Activity
Images are not part of the copy; transcribe all the data exactly.

Information provided
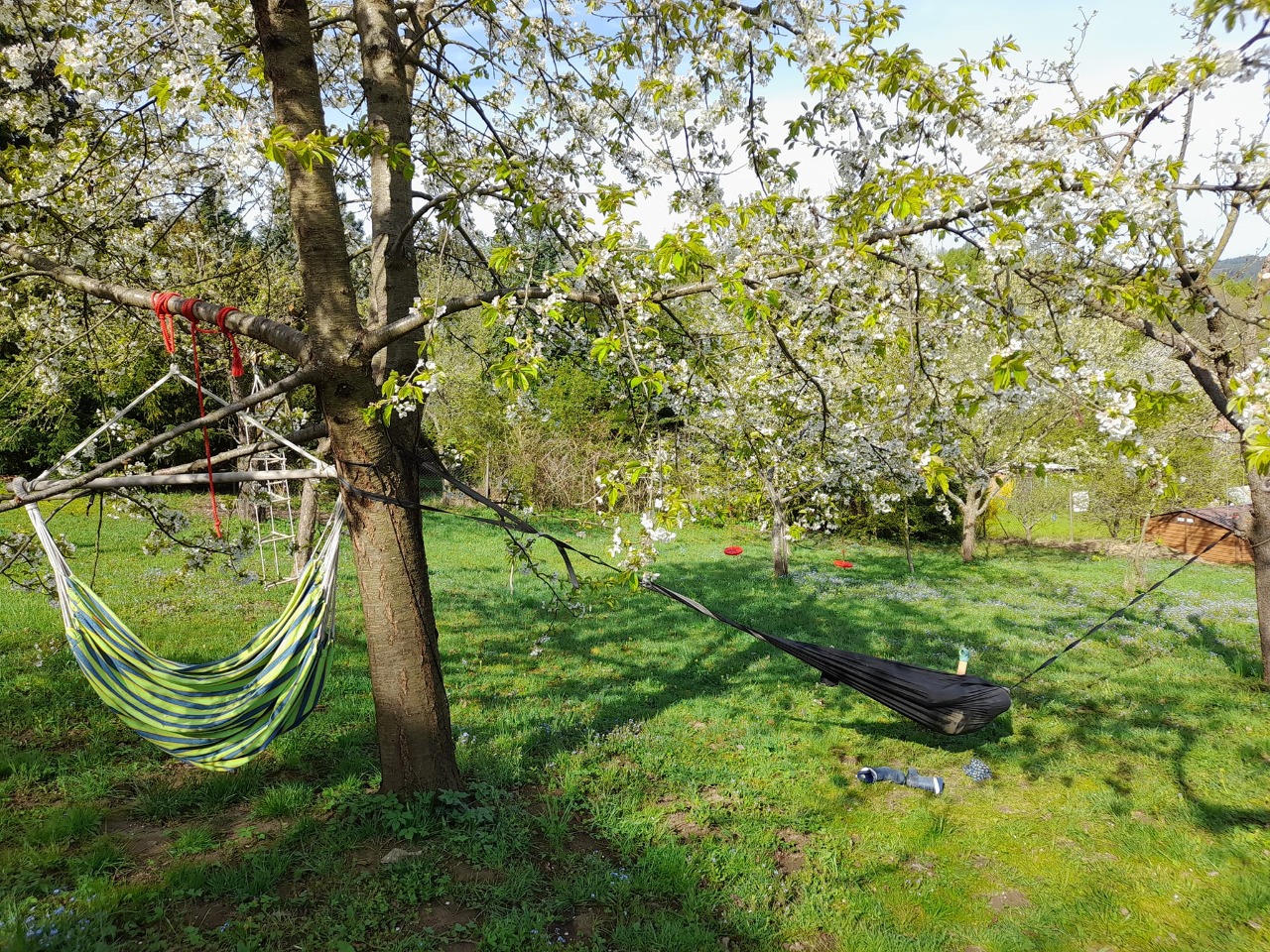 Kde to je možné, máme rozvěšené hamaky. Děti se mohou těšit i na slackliny.
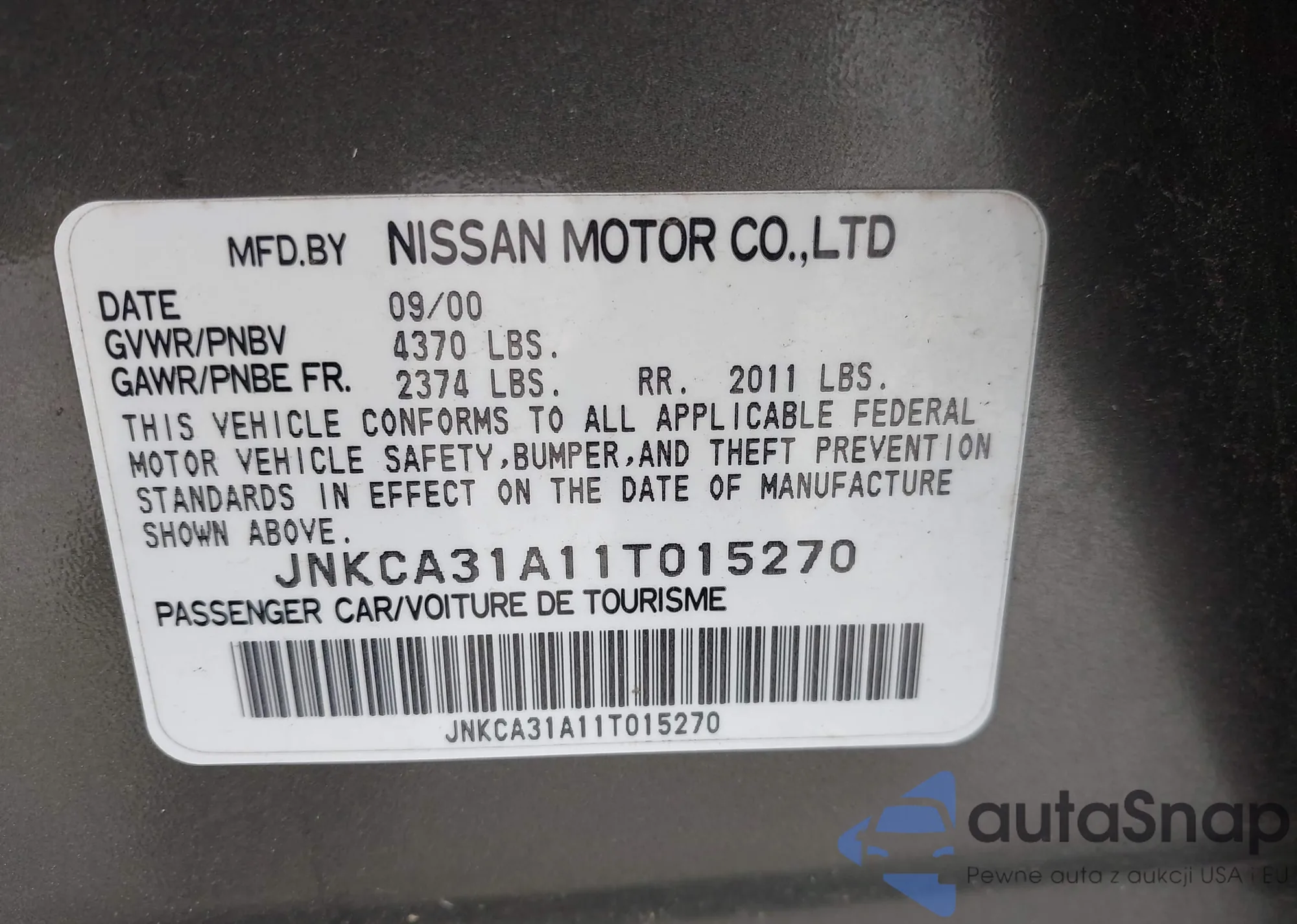 • VIN JNKCA31A11T015270
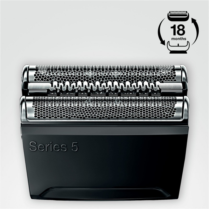 "Braun Series 5 52S Electric Shaver Head Replacement Cassette – Silver. Product type: Shaving head, Number of shaver heads: 1 head(s), Product colour: Silver. Country of origin: Germany. Weight: 16 g. Package width: 27 mm, Package depth: 80 mm, Package height: 160 mm. Quantity per pack: 1 pc(s), Master (outer) case width: 364 mm, Master (outer) case length: 548 mm"\n

Exercise answer
 Kde to je možné, máme rozvěšené hamaky. Děti se mohou těšit i na slackliny.
 • VIN JNKCA31A11T015270
 "Braun Series 5 52S Electric Shaver Head Replacement Cassette – Silver. Product type: Shaving head, Number of shaver heads: 1 head(s), Product colour: Silver. Country of origin: Germany. Weight: 16 g. Package width: 27 mm, Package depth: 80 mm, Package height: 160 mm. Quantity per pack: 1 pc(s), Master (outer) case width: 364 mm, Master (outer) case length: 548 mm"\n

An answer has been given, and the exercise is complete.